Yazar Orhan Kemal ile tanışma hikâyesi kütüphane sayesindedir. Kütüphanede görev yaptığı yıllarda, yazar Orhan Kemal kütüphaneye okuyucu olarak gelir ve iki usta yazar bu vesileyle kütüphanede tanışır, dost olur.

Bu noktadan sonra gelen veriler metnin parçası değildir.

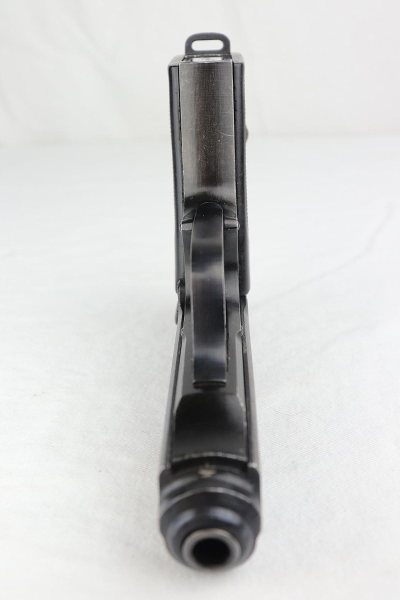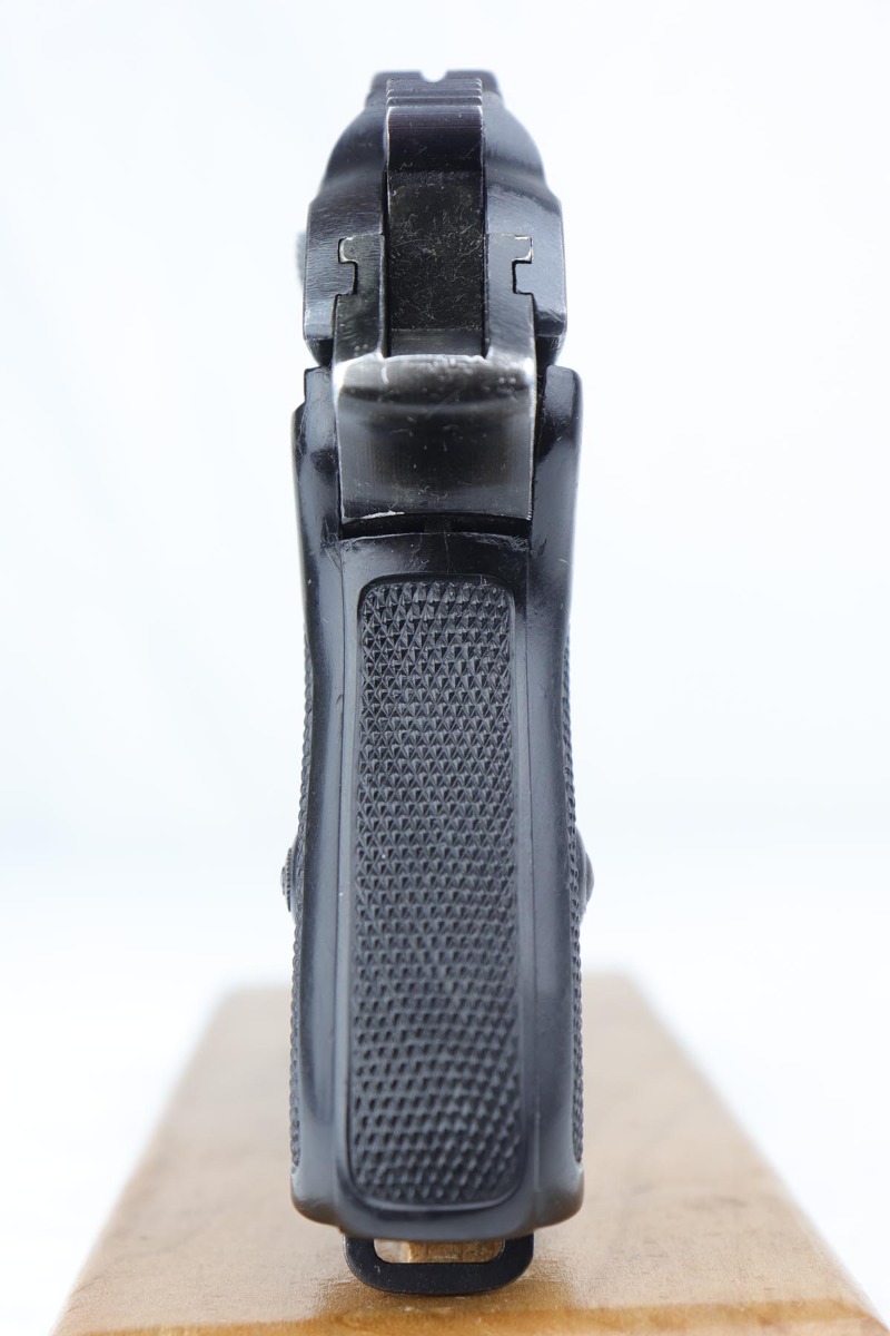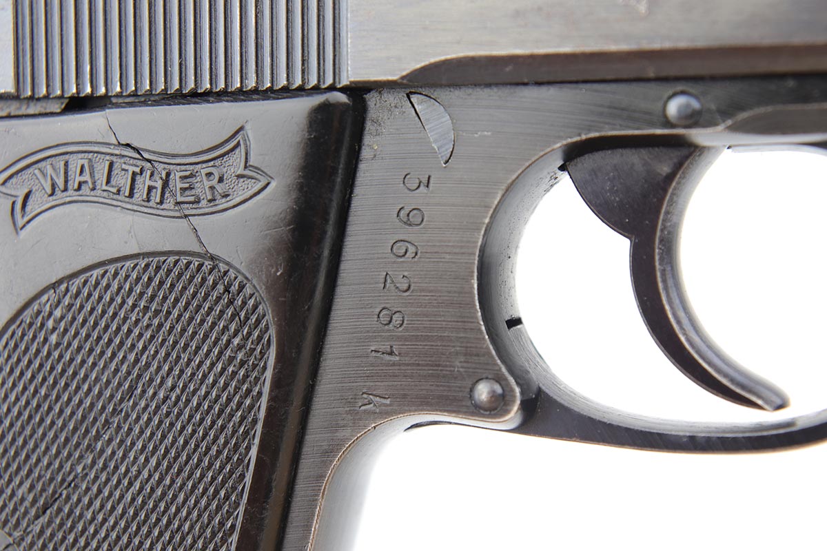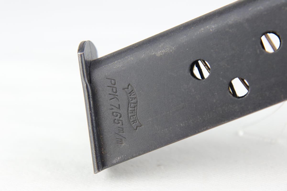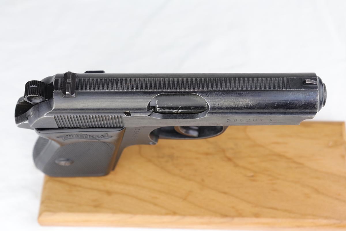 12/20/18 – This is a nice Walther PPK from World War II with duraluminum frame. All matching and original with military style blue that rates at about 94%. Muzzle wear on both sides, and minor thinning of the front strap and the right side slide. Terrific bore and magazine. Grip is original and in decent condition but does have a thin crack on the right side.

1943 yılında Orhan Kemal Bursa Cezaevi’nden tahliye olup memleketi Adana’ya döner.  Günlerden bir gün yolu Ramazanoğlu Kütüphanesine düşer. Kütüphaneden “Goriot Baba” kitabını ödünç almak ister. Kütüphanede dışarıya ödünç verilmeyen edebi eserlerdendir istediği kitap. Yaşar Kemal inisiyatif kullanarak Orhan Kemal’e on beş günlüğüne kitabı ödünç verir. Orhan Kemal 12 yaş büyüktür ama aralarındaki yaş farkı dostluklarına engel olmaz. Yaşar Kemal, Orhan Kemal’i yazdığı eserlerinden iyi tanır ve onun hayranıdır. Sıkı ve uzun sürecek bir dostluk o gün kütüphanede başlar. Yaşar Kemal hikâyelerini yazdıkça Orhan Kemal’e okutur. Kimi zaman dolaşa dolaşa yüksek sesle okur, usta yazardan yazdıklarına dair görüşler alır. Önerileri doğrultusunda düzeltmeler yaparak yazmaya devam eder.” 2

O yıl Yaşar Kemal için yıldızının parladığı bir yıldır, kütüphanede iş edinmesi, Orhan Kemal’le dostluğu, bu da yetmezmiş gibi Arif Dino gibi muhteşem bir insandan resim dersleri alması. Halk evinin bahçesinde ilk kez resim yaparken gördüğü ve hayran olduğu Arif Dino ile dostluğu tam on yedi yıl sürer. Yazının başına koyduğumuz küçük öyküde bahsi geçen savcının tavsiyesi üzerine artık Adana’da kalamayacağını anlayan Kemal, göçe karar verir. Göç dediğimize bakmayın annesinin onun için diktiği muşamba bir torbaya; daktilosunu, jandarmadan kurtarabildiği bir kısım derlemesini ki çoğu Jandarma tarafından toplanıp yakılmıştı, Arif Dino’nun ona armağan ettiği iki resim koyar…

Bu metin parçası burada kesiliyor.